• The task: Copy each of the entries below faithfully, setting aside any pictures.

• Source data:
>>>

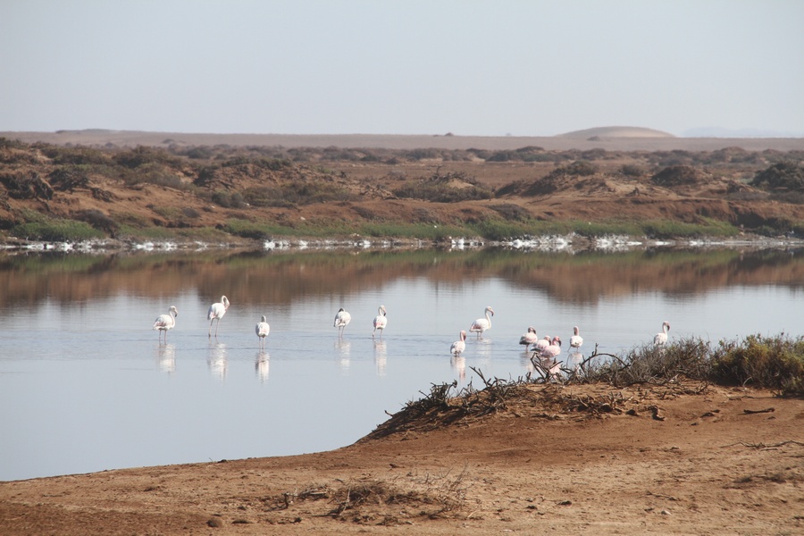 Flamingos feed in a lagoon in Skeleton Coast Park in Namibia, Sept. 7, 2014. Lying on the Atlantic coast west of Namibia, Skeleton Coast stretches about 500 kilometers from Swakop River in central Namibia up north to Kunene River between Angola and Namibia. The 20,000-square-kilometer area is known for harsh climate, outlandish landscape and various flora and fauna. (Xinhua/Gao Lei)
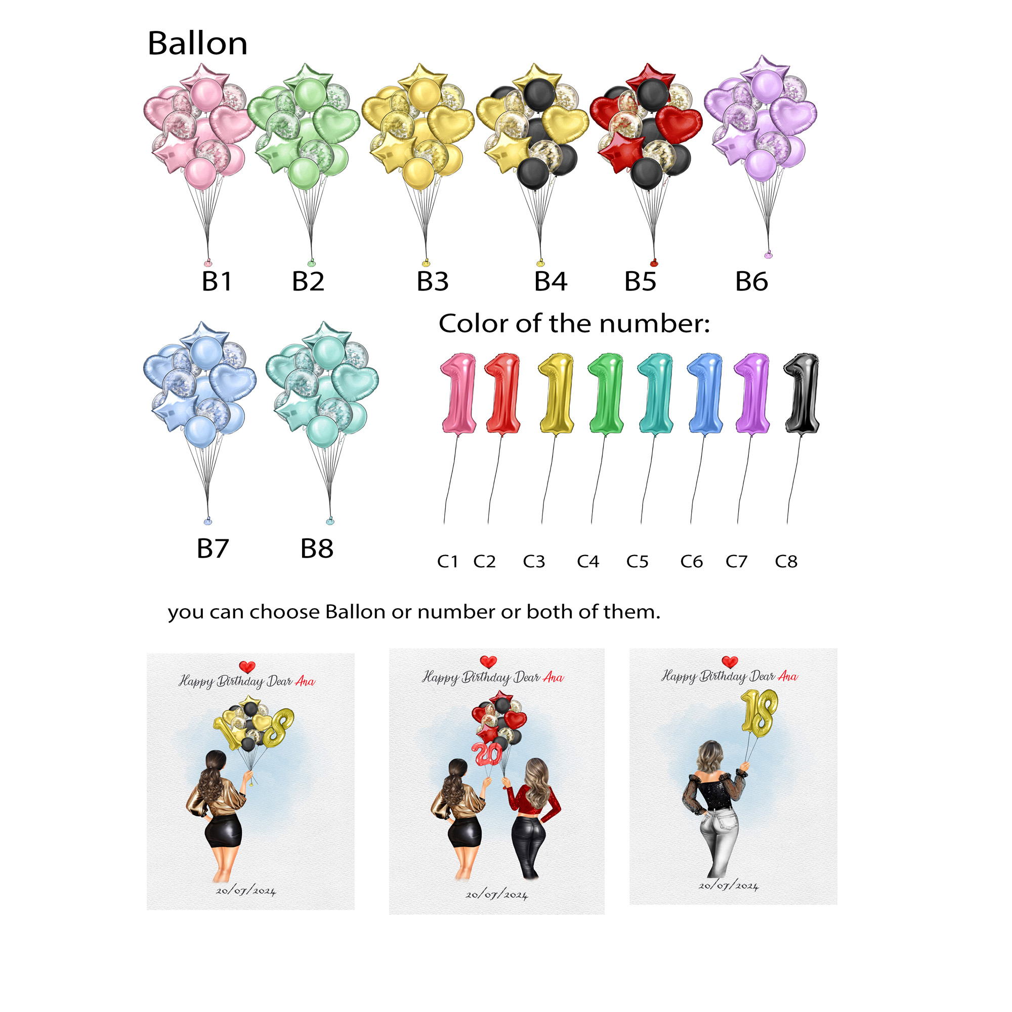 Include information such as name, skin tone, outfits, hair style for each person (Left to Right) Ballon and number if you want. Also, you can customize the quote you would like to appear in the design, following the format shown in the example.
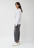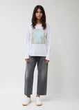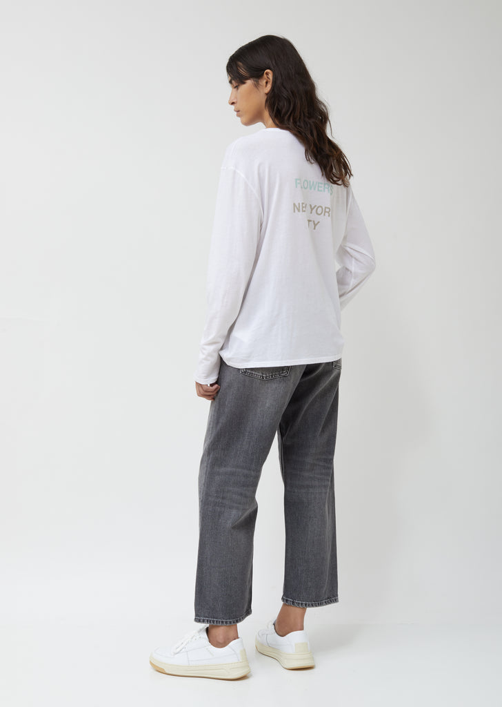 Long-sleeve crewneck T-shirt in soft white Pima-cotton jersey, screen-printed at the front with an aquamarine-and-taupe abstract floral design. The words "FLOWERS NEW YORK CITY" appear in the same colors at the upper back. Pulls over. Drop shoulders. Slightly exaggerated sleeves. Straight hem falls to lower hip. Straight, relaxed fit.
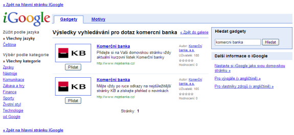 Zajímavost na stránkách KB - odkaz na iGoogle
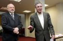 Konkursa žūrijas vadītājs Miervaldis Mozers (no kreisās) un ilggadējs ...
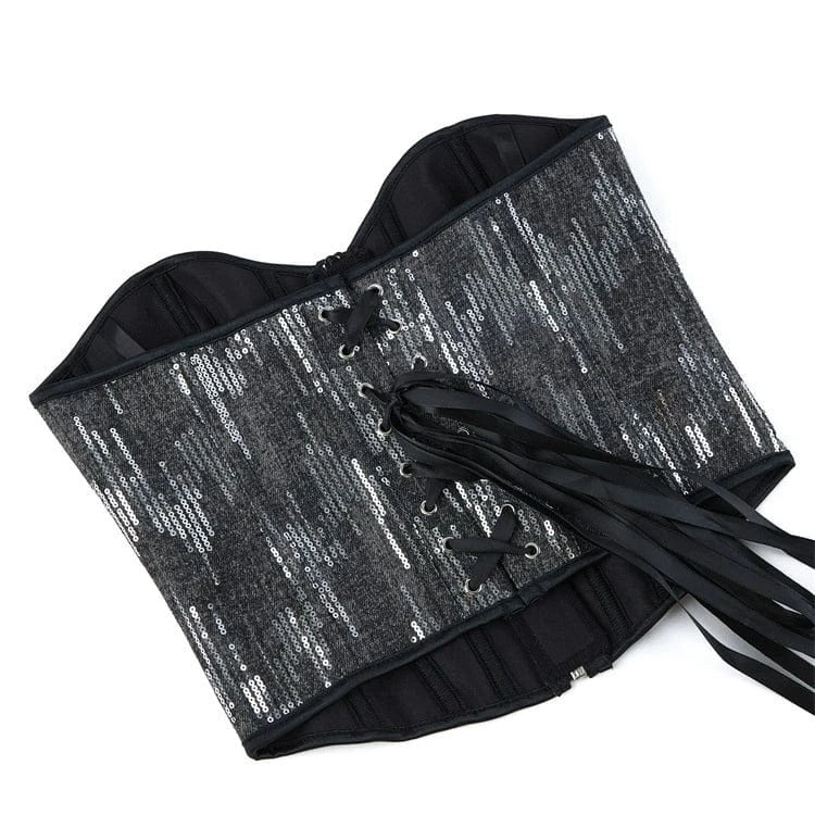 Women's Gothic Sequin Zipper Overbust Corset
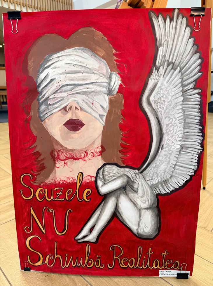 Elevii Liceului de Arte Oradea au dorit să transmită, prin imagine, consecinţele violenţei şi să sensibilizeze astfel, cetăţenii. Toți elevii implicați în proiect au fost răsplătiți cu diplome și premii, iar 12 dintre desenele realizate cu măiestrie de copii au fost selectate pentru a ilustra paginile unui calendar pentru anul 2026, cu mesaje antiviolență. Expoziția de afișe va rămâne deschisă, timp de 10 zile, la Biblioteca Județeană „Gheorghe Șincai" din municipiul Oradea.
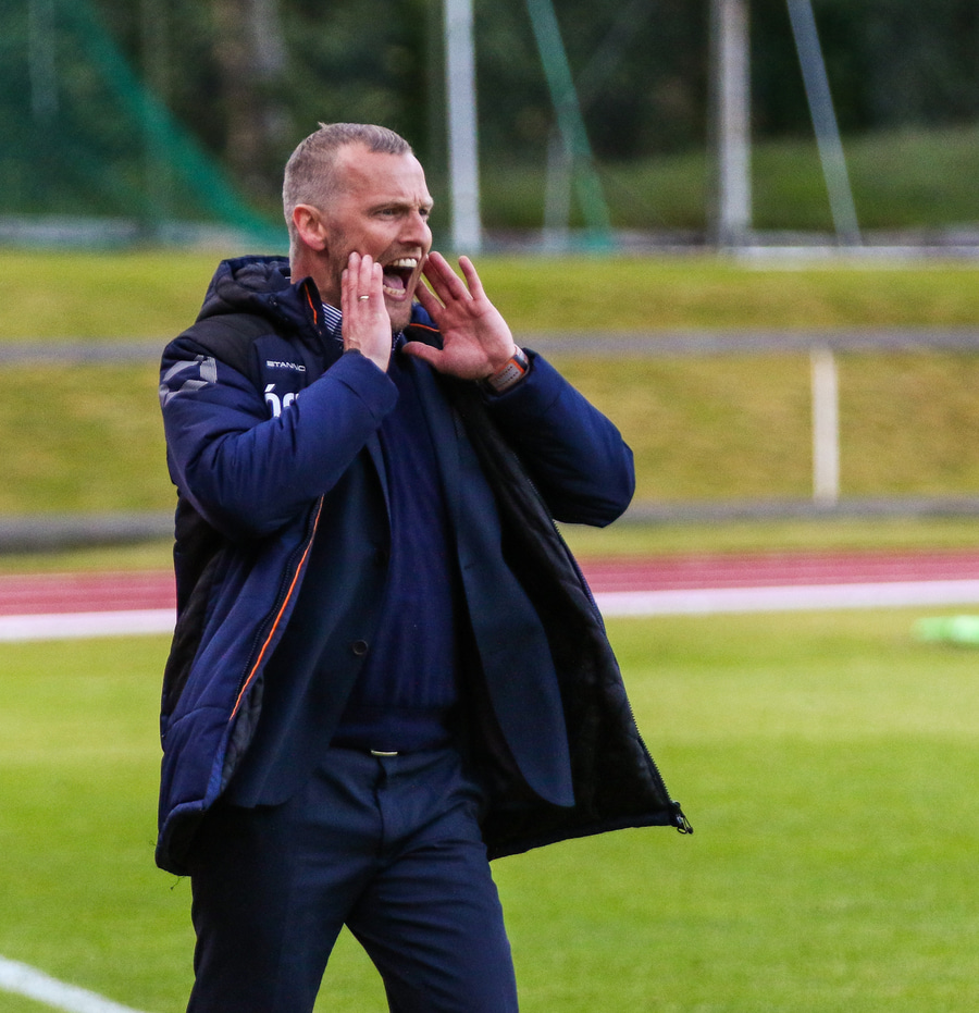 Óli Stefán akbrjálaður út í einbeitingarleysi sinna manna.
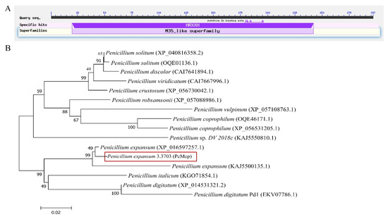 Bioinformatic analysis of PeMep. (A) Functional domain analysis of PeMep, showing the conserved M35 metallopeptidase motif (HRXXH). (B) Phylogenetic tree of PeMep.
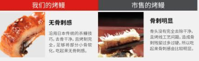 为了保证食品安全的可控性,有自己的调汁厂,而且酱汁全部采用日本秘制配方,符合特级酱汁标准,酱汁占整条烤鳗的配比小于20%,符合行业内标准的酱油比例。
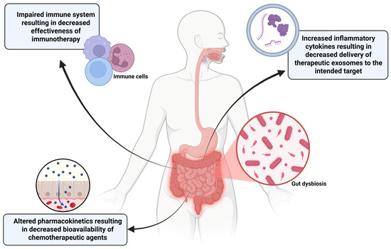 Dysbiosis of gut microbiome has multiple implications for reducing the efficacy of cancer treatments. Success rates of immunotherapy treatments can be impacted due to a diminished host immune response. Altered metabolism and absorption of chemotherapeutic drugs can decrease the dose that reaches the tumor. A dysbiotic gut increases the release of inflammatory cytokines including IL-6 that can induce macrophages in the bloodstream to take up therapeutic exosomes causing fewer to arrive at the tumor site. This figure was created using BioRender.
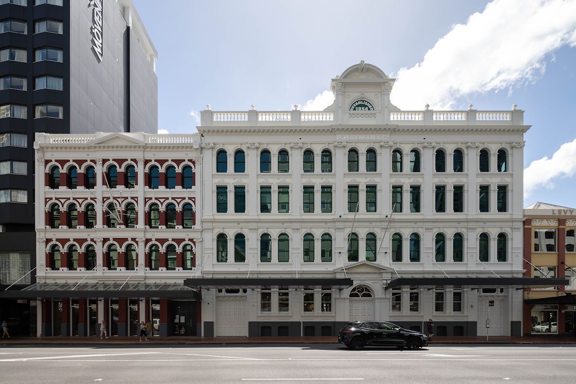 Heritage facades are preserved with openings limited to extensions of existing fabric for retail frontage. Two new sets of round windows face towards Takutai Square, Britomart’s ‘heart’, their diameters matching the arched heritage windows adjacent. Plant rooms enclosed with round section screens emulate heritage rooftop reinstated balustrades. The Customs Street façade features a replica heritage pediment, replacing the original destroyed in earlier earthquake proofing. Research determined this element’s geometry, followed by digital modelling, mould making and fabrication in GRC.
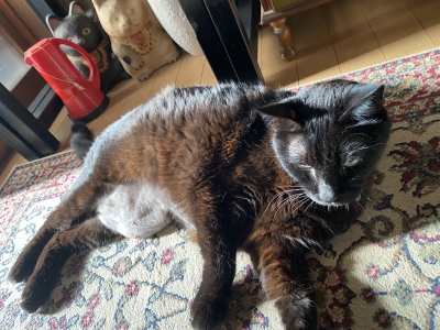 JUGEMテーマ:犬猫多頭飼い・日々あれこれ 我が家の主、あんこ大先生です。 暑い夏は本当に暑そうで、あちこちでグダグダしています。 昨日も玄関前で〜。 お腹は出てるし、ハゲてるし。 でも貫禄だけは十分あります。 もう13歳。 なかなかいいお年になりました。でも変わりなく「あんこ大先生」の風格はしっかりありますよ〜。 今回はブログのお友達、マイラさんのご希望で登場していただきました。
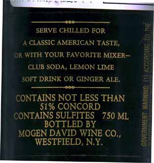 - このワインは極甘口の赤ワインです。よく冷やして、アメリカの伝統的な飲み方(いわゆるストレートか?)でも、あるいはソーダ、レモンライム、ソフトドリンク、ジンジャーエールなどで割っても楽しめます。51%以上のコンコルド(Concord)種のぶどうで造られています。
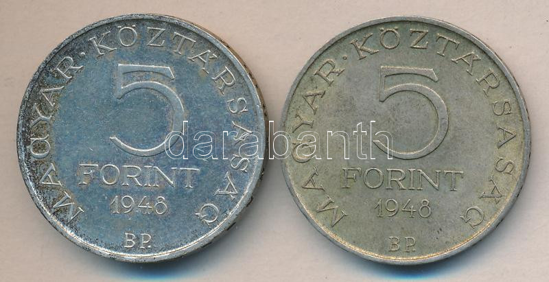 Beschreibung: 1948. 5Ft "Petőfi" Ag utánveret, a peremirat betűi nagyobbak T:PP + 1948. 5Ft "Petőfi" Ag támpéldány T:2 ph.

<<<

• Response for this exercise:
 Flamingos feed in a lagoon in Skeleton Coast Park in Namibia, Sept. 7, 2014. Lying on the Atlantic coast west of Namibia, Skeleton Coast stretches about 500 kilometers from Swakop River in central Namibia up north to Kunene River between Angola and Namibia. The 20,000-square-kilometer area is known for harsh climate, outlandish landscape and various flora and fauna. (Xinhua/Gao Lei)
 Include information such as name, skin tone, outfits, hair style for each person (Left to Right) Ballon and number if you want. Also, you can customize the quote you would like to appear in the design, following the format shown in the example.
 Long-sleeve crewneck T-shirt in soft white Pima-cotton jersey, screen-printed at the front with an aquamarine-and-taupe abstract floral design. The words "FLOWERS NEW YORK CITY" appear in the same colors at the upper back. Pulls over. Drop shoulders. Slightly exaggerated sleeves. Straight hem falls to lower hip. Straight, relaxed fit.
 Zajímavost na stránkách KB - odkaz na iGoogle
 Konkursa žūrijas vadītājs Miervaldis Mozers (no kreisās) un ilggadējs ...
 Women's Gothic Sequin Zipper Overbust Corset
 Elevii Liceului de Arte Oradea au dorit să transmită, prin imagine, consecinţele violenţei şi să sensibilizeze astfel, cetăţenii. Toți elevii implicați în proiect au fost răsplătiți cu diplome și premii, iar 12 dintre desenele realizate cu măiestrie de copii au fost selectate pentru a ilustra paginile unui calendar pentru anul 2026, cu mesaje antiviolență. Expoziția de afișe va rămâne deschisă, timp de 10 zile, la Biblioteca Județeană „Gheorghe Șincai" din municipiul Oradea.
 Óli Stefán akbrjálaður út í einbeitingarleysi sinna manna.
 Bioinformatic analysis of PeMep. (A) Functional domain analysis of PeMep, showing the conserved M35 metallopeptidase motif (HRXXH). (B) Phylogenetic tree of PeMep.
 为了保证食品安全的可控性,有自己的调汁厂,而且酱汁全部采用日本秘制配方,符合特级酱汁标准,酱汁占整条烤鳗的配比小于20%,符合行业内标准的酱油比例。
 Dysbiosis of gut microbiome has multiple implications for reducing the efficacy of cancer treatments. Success rates of immunotherapy treatments can be impacted due to a diminished host immune response. Altered metabolism and absorption of chemotherapeutic drugs can decrease the dose that reaches the tumor. A dysbiotic gut increases the release of inflammatory cytokines including IL-6 that can induce macrophages in the bloodstream to take up therapeutic exosomes causing fewer to arrive at the tumor site. This figure was created using BioRender.
 Heritage facades are preserved with openings limited to extensions of existing fabric for retail frontage. Two new sets of round windows face towards Takutai Square, Britomart’s ‘heart’, their diameters matching the arched heritage windows adjacent. Plant rooms enclosed with round section screens emulate heritage rooftop reinstated balustrades. The Customs Street façade features a replica heritage pediment, replacing the original destroyed in earlier earthquake proofing. Research determined this element’s geometry, followed by digital modelling, mould making and fabrication in GRC.
 JUGEMテーマ:犬猫多頭飼い・日々あれこれ 我が家の主、あんこ大先生です。 暑い夏は本当に暑そうで、あちこちでグダグダしています。 昨日も玄関前で〜。 お腹は出てるし、ハゲてるし。 でも貫禄だけは十分あります。 もう13歳。 なかなかいいお年になりました。でも変わりなく「あんこ大先生」の風格はしっかりありますよ〜。 今回はブログのお友達、マイラさんのご希望で登場していただきました。
 - このワインは極甘口の赤ワインです。よく冷やして、アメリカの伝統的な飲み方(いわゆるストレートか?)でも、あるいはソーダ、レモンライム、ソフトドリンク、ジンジャーエールなどで割っても楽しめます。51%以上のコンコルド(Concord)種のぶどうで造られています。
 Beschreibung: 1948. 5Ft "Petőfi" Ag utánveret, a peremirat betűi nagyobbak T:PP + 1948. 5Ft "Petőfi" Ag támpéldány T:2 ph.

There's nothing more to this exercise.